The permittivity of InSb can be expressed in tensor form [59]:

$${\mathit{\epsilon }}_{\mathit{i}}=\left[\begin{array}{ccc}{\mathit{\epsilon }}_{\mathit{x}}& 0& i{\mathit{\epsilon }}_{\mathit{x}\mathit{z}}\\ 0& {\mathit{\epsilon }}_{\mathit{y}}& 0\\ -i{\mathit{\epsilon }}_{\mathit{x}\mathit{z}}& 0& {\mathit{\epsilon }}_{\mathit{x}}\end{array}\right]$$

(1a)

$${\mathit{\epsilon }}_x={\mathit{\epsilon }}_{\mathbf{\infty }}-{\mathit{\epsilon }}_{\mathbf{\infty }}{\displaystyle \frac{{\omega }_p^2(\omega +i\mathit{\gamma })}{\omega \left[{(\omega +i\mathit{\gamma })}^2-{\omega }_c^2\right]}}$$

(1b)

$${\mathit{\epsilon }}_{\mathit{y}}={\mathit{\epsilon }}_{\infty }-{\mathit{\epsilon }}_{\infty }{\displaystyle \frac{{\omega }_p^2}{\omega (\omega +i\mathit{\gamma })}}$$

(1c)

$${\mathit{\epsilon }}_{\mathit{x}\mathit{z}}={\mathit{\epsilon }}_{\infty }{\displaystyle \frac{{\omega }_p^2{\omega }_c}{\omega \left[{(\omega +i\mathit{\gamma })}^2-{\omega }_c^2\right]}}$$

(1d)

In this context, ε_∞ denotes the high-frequency dielectric constant of InSb; γ signifies the carrier collision frequency [59], which is treated as a temperature-independent constant in this theoretical model. m and e correspond to the mass and charge of an electron, respectively, and m* equals 0.015 m, indicating the effective mass of the carriers. The theoretical model strictly considers crystalline InSb to leverage its exceptional electronic properties in the THz regime. The high electron mobility and low effective mass inherent to the crystalline state of InSb are fundamentally required to achieve strong magneto-optical non-reciprocity under a relatively low external magnetic field. Compared to amorphous or polycrystalline alternatives, the crystalline lattice effectively minimizes carrier scattering losses, ensuring the ultra-high transmission efficiency and steep spectral edges optimized by MODA. The detailed manufacturing process is provided in Sections S1 and S2 of the Supplementary Materials, the relevant Refs [60,61,62,63]. The emergence of the ENZ property within the investigated THz frequency range is fundamentally rooted in the magneto-plasma resonance response of the semiconductor.

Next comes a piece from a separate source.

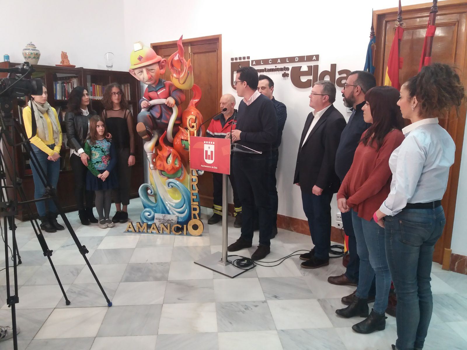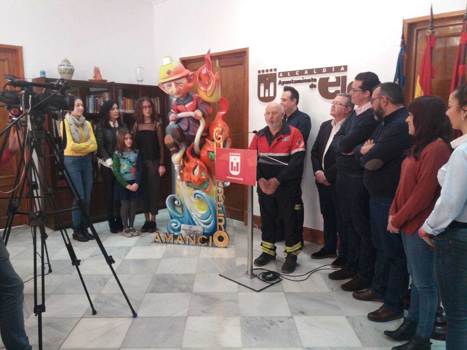 Esta mañana la alcaldía del Ayuntamiento de Elda ha acogido el acto de donación del ninot homenaje a Amancio Guerrero, jefe del Parque de Parque De Bomberos De Elda, al MUSEO BOMBEROS - Consorcio Provincial de Alicante (MUBOMA).

To accurately estimate this phenomenon, a Drude tensor model is employed to describe the interaction between the incident electromagnetic waves and the magnetized carriers. When the external magnetic field is applied, the cyclotron motion of the electrons modulates the effective permittivity of the material. At specific frequencies determined by the plasma frequency and the cyclotron frequency, the real part of the diagonal components of the dielectric tensor approaches zero, thereby generating the ENZ state. This near-zero refractive index regime significantly enhances the light–matter interaction within the PC layers, allowing the sensor to exhibit extreme sensitivity to minute variations in the refractive index of the surrounding gas medium. ω_p is the plasma frequency, defined as (Ne/ε₀ε_∞m*)^1/2. Crucially, ω_p serves as a temperature-dependent variable strictly governed by the intrinsic carrier density N, which acts as a strong function of the lattice temperature. Here, ε₀ represents vacuum permittivity, while ambient temperature is denoted by T₀. Consequently, the specific temperature-dependent carrier density N is specified as [59]

$$N\left({\mathrm{cm}}^{-3}\right)=5.76\times {10}^{14}{T}_0^{1.5}\times e^{\left({\displaystyle \frac{-0.26}{2\times 8.625\times {10}^{-5}\times T_0}}\right)}$$

(2)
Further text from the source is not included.